The ubiquity of Uniswap, and the sizable airdrop in the midst of the pandemic, was widely and deeply positively and popular, felt by users all over the world. This gesture created a ripple effect such that nearly ever major project that followed integrate some form of community reward--BadgerDAO, 1inch, PoolTogether, et al--for those blockchain enthusiasts who actively experiment with innovative use cases.
This created a whole class of airdrop farmers who will try new decentralized applications with the hopes that their brief interaction with the platform will yield sizable airdrops down the road. This expands the airdrop pool participant number, but also creates a rush of traction for new projects that depend on this visibility and traction to show traditional investors that their project has legs. This provides an easier road to early funding that helps the project to survive and thrive, creating a positive feedback loop that, many times, has worked out handsomely for those dApp airdrop farmers.
This incentive to support new projects all have Hayden to thank for exemplifying community building by generously by circling back enormous value. Uniswap is the prism through which all other decentralized finance projects are largely judged.
Uniswap was also innovative in that they open-sourced their version 2 source code.
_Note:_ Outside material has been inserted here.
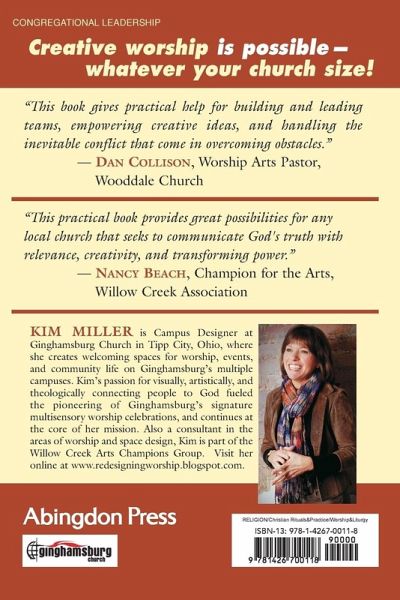 Kim Miller serves as Campus Designer at Ginghamsburg Church, in Tipp City Ohio, a suburb of Dayton. Kim creates experiences and environments for worship, events and community life on Ginghamsburg s multiple campuses. Her passion is connecting people to God on multiple levels--visually, artistically and theologically. This passion has fueled Ginghamsburg s signature multisensory worship celebrations, and continues to infuse her role as coach on the worship design team. Kim has ignited a movement to recruit, train and deploy teams of strong (unpaid) artist-builders to create engaging environments on a missional, mud n spit budget. She has crafted a new model for churches seeking to offer guest experiences that are current and meaningful. Many of these makeover projects can be viewed at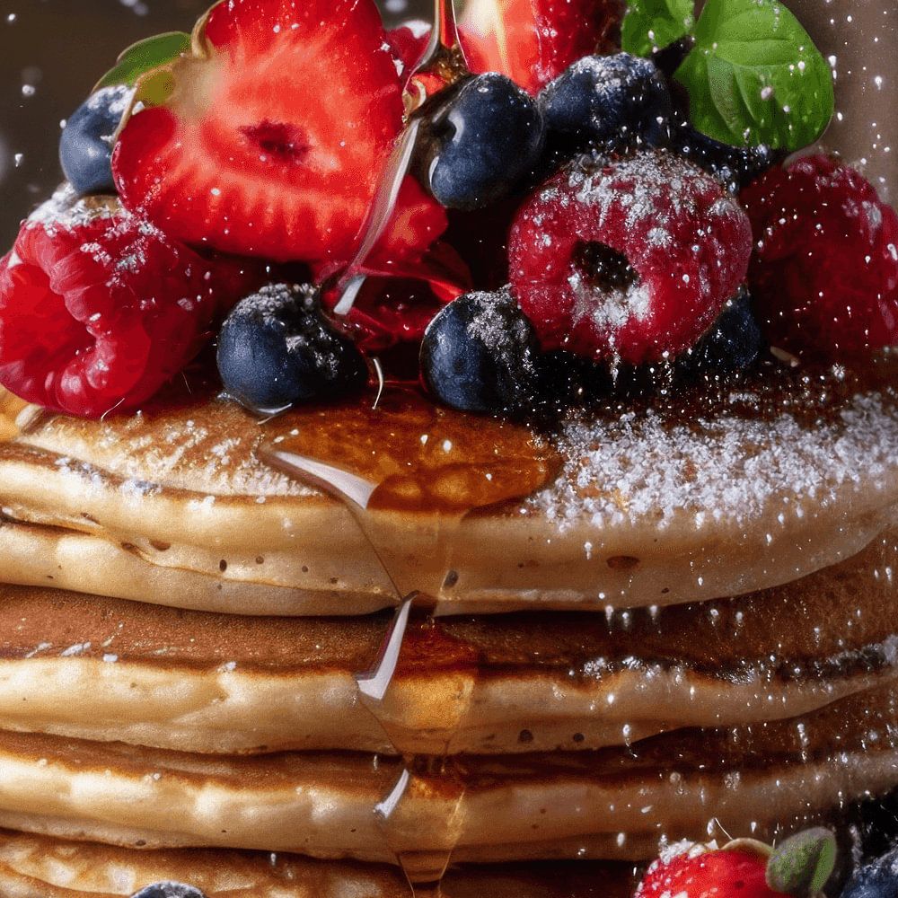 Enjoy the sight of juicy pancakes topped with fresh berries and a sprinkling of icing sugar. The sweet syrup running over the fluffy pancakes brings the picture to life and makes it the perfect eye-catcher in any kitchen or dining room. Ideal for breakfast lovers and fans of culinary art who want to create a warm and inviting atmosphere.

This allowed Solidity developers--which is what I am--the ability to fork Uniswap V2 onto various Ethereum Virtual Machine platforms like Ethereum mainnet, xDAI, Polygon, or Binance Smart Chain. For a brief while, some Uniswap forks even surpassed Uniswap in terms of billions in USD value staked, but this was due to exceptionally high ROI offered as "farming rewards", additional tokens of value presented for those that would provide liquidity to the smart contract pools.
The $56 billion in Solidity smart contracts value now can attribute this large number to the rise in the value of Ethereum for its stratospheric number as a consideration, but the real traction is due to the brilliance of these smart contracts, meticulously and aggressively tested, proving to do an exceptional job of allowing users to hold onto their tokens and earn a healthy return on these tokens in the process.
Now that Coinbase and crypto have hit the big time, it'll be interesting to see how regulators continue to handle crypto: velvet glove or iron fist. I'm hoping for the former.